WHAT YOU HAVE TO DO: Only the lines below starting at the one containing "A pretty tissue" and ending at the one containing "Silver DreamCatcher Earrings" belong in the answer, each copied exactly.

※ ※ ※

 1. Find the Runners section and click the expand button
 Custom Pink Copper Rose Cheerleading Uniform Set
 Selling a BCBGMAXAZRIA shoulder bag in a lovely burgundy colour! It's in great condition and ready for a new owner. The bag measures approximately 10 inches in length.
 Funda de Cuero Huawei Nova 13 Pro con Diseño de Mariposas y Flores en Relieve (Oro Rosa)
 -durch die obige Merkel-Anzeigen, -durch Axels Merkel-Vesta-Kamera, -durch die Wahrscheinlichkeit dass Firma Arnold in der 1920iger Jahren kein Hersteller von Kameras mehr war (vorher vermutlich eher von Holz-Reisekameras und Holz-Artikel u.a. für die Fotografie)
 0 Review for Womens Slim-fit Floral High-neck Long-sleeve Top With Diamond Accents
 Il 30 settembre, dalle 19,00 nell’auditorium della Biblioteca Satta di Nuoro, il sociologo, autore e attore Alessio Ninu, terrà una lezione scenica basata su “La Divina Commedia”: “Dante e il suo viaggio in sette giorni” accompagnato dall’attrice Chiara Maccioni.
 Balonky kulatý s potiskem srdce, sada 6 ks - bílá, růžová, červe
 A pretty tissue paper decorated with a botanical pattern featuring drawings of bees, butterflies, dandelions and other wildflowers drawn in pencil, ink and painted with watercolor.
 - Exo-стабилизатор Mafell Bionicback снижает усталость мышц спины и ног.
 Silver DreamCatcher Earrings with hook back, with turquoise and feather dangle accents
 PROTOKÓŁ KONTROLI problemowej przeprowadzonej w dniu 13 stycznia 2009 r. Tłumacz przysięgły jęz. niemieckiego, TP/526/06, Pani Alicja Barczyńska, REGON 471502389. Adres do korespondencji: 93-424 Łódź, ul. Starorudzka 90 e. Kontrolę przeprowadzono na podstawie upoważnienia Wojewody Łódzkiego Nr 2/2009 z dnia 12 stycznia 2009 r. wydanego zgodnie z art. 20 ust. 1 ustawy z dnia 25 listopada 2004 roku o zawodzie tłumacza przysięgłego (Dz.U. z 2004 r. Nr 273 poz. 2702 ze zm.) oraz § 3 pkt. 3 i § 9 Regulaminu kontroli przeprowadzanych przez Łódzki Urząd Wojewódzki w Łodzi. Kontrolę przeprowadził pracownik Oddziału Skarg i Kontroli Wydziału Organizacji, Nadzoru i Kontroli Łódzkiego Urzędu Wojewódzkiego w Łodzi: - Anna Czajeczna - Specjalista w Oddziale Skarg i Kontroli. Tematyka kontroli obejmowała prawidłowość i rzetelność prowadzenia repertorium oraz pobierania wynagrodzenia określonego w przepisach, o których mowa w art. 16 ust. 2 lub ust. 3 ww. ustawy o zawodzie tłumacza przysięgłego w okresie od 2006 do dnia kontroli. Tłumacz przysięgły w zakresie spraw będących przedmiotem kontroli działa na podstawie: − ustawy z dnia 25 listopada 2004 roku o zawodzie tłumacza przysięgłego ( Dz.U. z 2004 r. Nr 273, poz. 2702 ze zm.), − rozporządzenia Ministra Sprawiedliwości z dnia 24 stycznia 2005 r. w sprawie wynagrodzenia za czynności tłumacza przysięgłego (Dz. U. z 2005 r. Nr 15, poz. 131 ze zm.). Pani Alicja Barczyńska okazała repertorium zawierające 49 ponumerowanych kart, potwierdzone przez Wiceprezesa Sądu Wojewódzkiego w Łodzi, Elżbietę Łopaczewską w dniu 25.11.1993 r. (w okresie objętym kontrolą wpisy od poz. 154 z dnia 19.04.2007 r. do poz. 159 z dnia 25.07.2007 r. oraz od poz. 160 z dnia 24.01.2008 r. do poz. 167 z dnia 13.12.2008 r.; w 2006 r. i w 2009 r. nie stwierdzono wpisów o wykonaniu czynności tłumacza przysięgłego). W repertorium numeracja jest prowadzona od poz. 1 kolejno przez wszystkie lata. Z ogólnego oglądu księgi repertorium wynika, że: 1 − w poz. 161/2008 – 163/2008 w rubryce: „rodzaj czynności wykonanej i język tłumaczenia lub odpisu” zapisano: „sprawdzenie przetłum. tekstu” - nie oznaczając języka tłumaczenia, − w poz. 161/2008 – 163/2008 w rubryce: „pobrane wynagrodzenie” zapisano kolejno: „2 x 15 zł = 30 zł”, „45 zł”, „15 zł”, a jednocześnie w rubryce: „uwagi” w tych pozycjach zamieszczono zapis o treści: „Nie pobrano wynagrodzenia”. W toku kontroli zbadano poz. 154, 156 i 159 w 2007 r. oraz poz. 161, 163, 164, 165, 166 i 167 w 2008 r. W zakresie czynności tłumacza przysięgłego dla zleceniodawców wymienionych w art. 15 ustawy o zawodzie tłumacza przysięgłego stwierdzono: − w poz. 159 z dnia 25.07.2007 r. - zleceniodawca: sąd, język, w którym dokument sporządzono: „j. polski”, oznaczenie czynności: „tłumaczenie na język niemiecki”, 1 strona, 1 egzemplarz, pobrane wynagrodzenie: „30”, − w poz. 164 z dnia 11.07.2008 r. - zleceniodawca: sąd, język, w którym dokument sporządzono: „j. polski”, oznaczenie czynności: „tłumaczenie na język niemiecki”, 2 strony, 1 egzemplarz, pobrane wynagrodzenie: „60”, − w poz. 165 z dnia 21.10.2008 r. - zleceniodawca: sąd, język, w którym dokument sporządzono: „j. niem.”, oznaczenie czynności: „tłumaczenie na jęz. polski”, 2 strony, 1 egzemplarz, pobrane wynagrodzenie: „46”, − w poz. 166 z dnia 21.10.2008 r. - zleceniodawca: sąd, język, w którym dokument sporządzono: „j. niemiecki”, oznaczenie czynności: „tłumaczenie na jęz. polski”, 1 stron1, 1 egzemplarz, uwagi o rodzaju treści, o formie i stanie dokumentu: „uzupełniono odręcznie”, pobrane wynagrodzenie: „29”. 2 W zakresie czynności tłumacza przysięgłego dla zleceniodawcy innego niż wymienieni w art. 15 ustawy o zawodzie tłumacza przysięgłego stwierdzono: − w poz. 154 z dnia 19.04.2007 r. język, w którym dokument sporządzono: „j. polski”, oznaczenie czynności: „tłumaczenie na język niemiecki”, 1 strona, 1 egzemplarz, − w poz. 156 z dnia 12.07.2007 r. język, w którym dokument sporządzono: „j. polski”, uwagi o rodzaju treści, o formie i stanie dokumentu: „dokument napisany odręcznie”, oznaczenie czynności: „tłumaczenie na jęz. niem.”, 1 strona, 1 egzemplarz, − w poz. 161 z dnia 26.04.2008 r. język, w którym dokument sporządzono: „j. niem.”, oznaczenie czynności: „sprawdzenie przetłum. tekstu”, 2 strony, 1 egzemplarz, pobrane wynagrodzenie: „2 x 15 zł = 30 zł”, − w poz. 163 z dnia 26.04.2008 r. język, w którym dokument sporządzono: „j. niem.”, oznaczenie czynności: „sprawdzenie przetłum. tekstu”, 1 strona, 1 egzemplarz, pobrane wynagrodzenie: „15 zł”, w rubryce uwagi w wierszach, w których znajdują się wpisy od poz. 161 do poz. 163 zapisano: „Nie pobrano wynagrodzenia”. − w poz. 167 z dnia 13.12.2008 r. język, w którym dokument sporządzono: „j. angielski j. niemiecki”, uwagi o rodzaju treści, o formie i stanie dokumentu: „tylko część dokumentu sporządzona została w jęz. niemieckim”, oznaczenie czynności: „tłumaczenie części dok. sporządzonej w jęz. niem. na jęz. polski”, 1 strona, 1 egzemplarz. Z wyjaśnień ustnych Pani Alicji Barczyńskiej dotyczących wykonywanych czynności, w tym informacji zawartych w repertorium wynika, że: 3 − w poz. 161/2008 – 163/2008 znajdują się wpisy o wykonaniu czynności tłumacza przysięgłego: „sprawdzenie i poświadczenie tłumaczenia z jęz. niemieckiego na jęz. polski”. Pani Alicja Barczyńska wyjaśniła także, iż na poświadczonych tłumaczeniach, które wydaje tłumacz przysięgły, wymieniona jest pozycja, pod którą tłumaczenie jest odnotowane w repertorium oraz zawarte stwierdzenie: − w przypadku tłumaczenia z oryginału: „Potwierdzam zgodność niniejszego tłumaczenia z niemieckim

※ ※ ※

ANSWER TO THIS PROBLEM:
 A pretty tissue paper decorated with a botanical pattern featuring drawings of bees, butterflies, dandelions and other wildflowers drawn in pencil, ink and painted with watercolor.
 - Exo-стабилизатор Mafell Bionicback снижает усталость мышц спины и ног.
 Silver DreamCatcher Earrings with hook back, with turquoise and feather dangle accents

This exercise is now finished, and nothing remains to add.